Master nodes serve as a controller for nodes. You can have multiple of them deployed for redundancy. Required components which must be installed on every master node are:

  • API Server (kube-apiserver) - accepts all requests coming in or queries from the cluster (UI, API, CLI). Gatekeeps authentication of requests to the cluster.
  • Scheduler (kube-scheduler) - balances new deployments and scale requirements via load balancing on computing resources.
  • Controller Manager (kube-controller-manager) - detects state changes of pods and redeploys them via Scheduler communication.
  • etcd - key-value store, cluster brain, changes written there. Has data on load, usage, etc. Does not store app data.

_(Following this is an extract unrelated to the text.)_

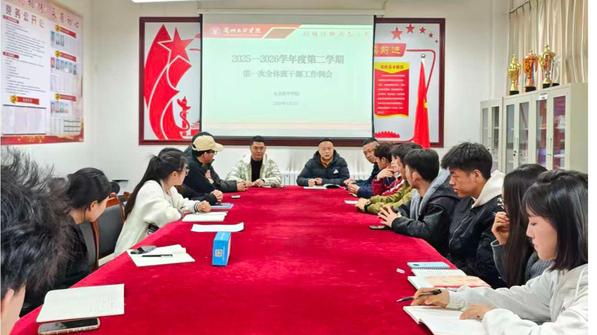 2026年3月1日上午,社会体育学院在强能楼2-217会议室组织召开了2025-2026学年第二学期第一次全体班干部工作例会。会议传达了学校最新学生工作要求,并对新学期学生管理、服务及就业指导等任务进行了全面部署。学院学工办主任、辅导员及全体班干部参加了本次会议。

It all works in scales motion where when you create a deployment it also create ReplicaSet which creates pods. Also if there is already a stray pod with matching label it will be removed by deployment since pods will be created regardless and stray pod will hit with limit condition

Data Plane

  • Pod - an abstraction over containers, can contain multiple containers
    • e.g. Init container (run before), plus sidecars (run along) and primary
    • Usually 1 app/DB per pod
    • Pod get an internal IP address, (ephemeral)
  • Job is an ad-hoc (single use) work until completion container configuration, creates one or mode pods, completes. Pods also assigned random name Set backoffLimit
  • CronJob is like job, but can be scheduled based general CRON Scheduler rules
  • DaemonSet runs a copy of a container pod an all or (selected subset of) nodes in the cluster (brings propagation). Good for monitoring, log aggregation or storage daemon. Does not target control plane
  • Namespaces separate resources like groups avoid name conflicts, but don’t act as security/network boundary by default.
    • The list of default namespaces
  • Node - hosts pods
  • Service - Networking - Service or Ingress
  • Ingress - helps setting up URL, secure protocol and domain name.
    • Accepts requests and can route to multiple Services
    • Acts like an API Gateway (K8S slowly replaces Ingress with GatewayAPI element)
  • GatewayAPI - Evolves form GatewayAPI and support Network gateways
  • Configmap: - maps variables between pods and external services (like DBs credentials and URLs) property-key and file-like-keys
    • Passwords are not stored in config map
  • Secrets: where you store credentials, encodes in base64, can be controlled via authorization policies.
    • Not enabled by default.
    • Both Secrets and configmap can be used by app though env vars.
  • ReplicaSet adds replication (a subset of a deployment)
    • Labels link ReplicaSets and Pods
  • Deployment: creates blueprints for pods, automates replication adds concepts of rollout and rollbacks, adds revisions akin versioning, implements High availability (HA).
    • When deployment created a rollout is triggered, each rollout creates a deployment revision which allows us to rollback in version.
    • Utilizes ReplicaSet for replication of pods. For example, via deploying a new node with same pods setup.
    • Can’t replicate pod dbs, because they have state - data
  • Statefulsets - gives pods sticky identity (0,1,2… naming), each pod mounts separate volumes and rollout is by order. Helps preserve state, for example, helps DBs like primary vs read replica. Deployment for stateful application.
    • Pods created in order, one after another, when scaled down last created are deleted
    • Pods get predictable names -0/1/2/3/4
    • Either use this or deploy DB outside K8S in a highly available infra, like cloud.
    • You cannot modify many of the created fields from YAML, like storage size/request!
    • Has field serviceName, i.e. creating dns service for each replica independently (as if each pods got dns name), so in Service declaration you should make it headless with type: ClusterIP and ClusterIP: None
    • Why headless Each connection to the service is forwarded to one randomly selected backing pod. But what if the client needs to connect to all of those pods? What if the backing pods themselves need to each connect to all the other backing pods. Connecting through the service clearly isn’t the way to do this. Service | Kubernetes
    • StatefulSets currently require a Headless Service to be responsible for the network identity of the Pods. You are responsible for creating this Service.
  • PersistentVolume and PersistentVolumeClaim stores data persistently, functions as emulated physical storage. PVC is a declaration of need for storage that can at some point become available / satisfied - as in bound to some actual PV. PVC consumes PV. StatefulSet volumeClaimTemplate enables dynamic provision of PV.
    • Provisioned via PVs, generally via user, via Storage Classes SC
    • The basis can be local or remote like (s3)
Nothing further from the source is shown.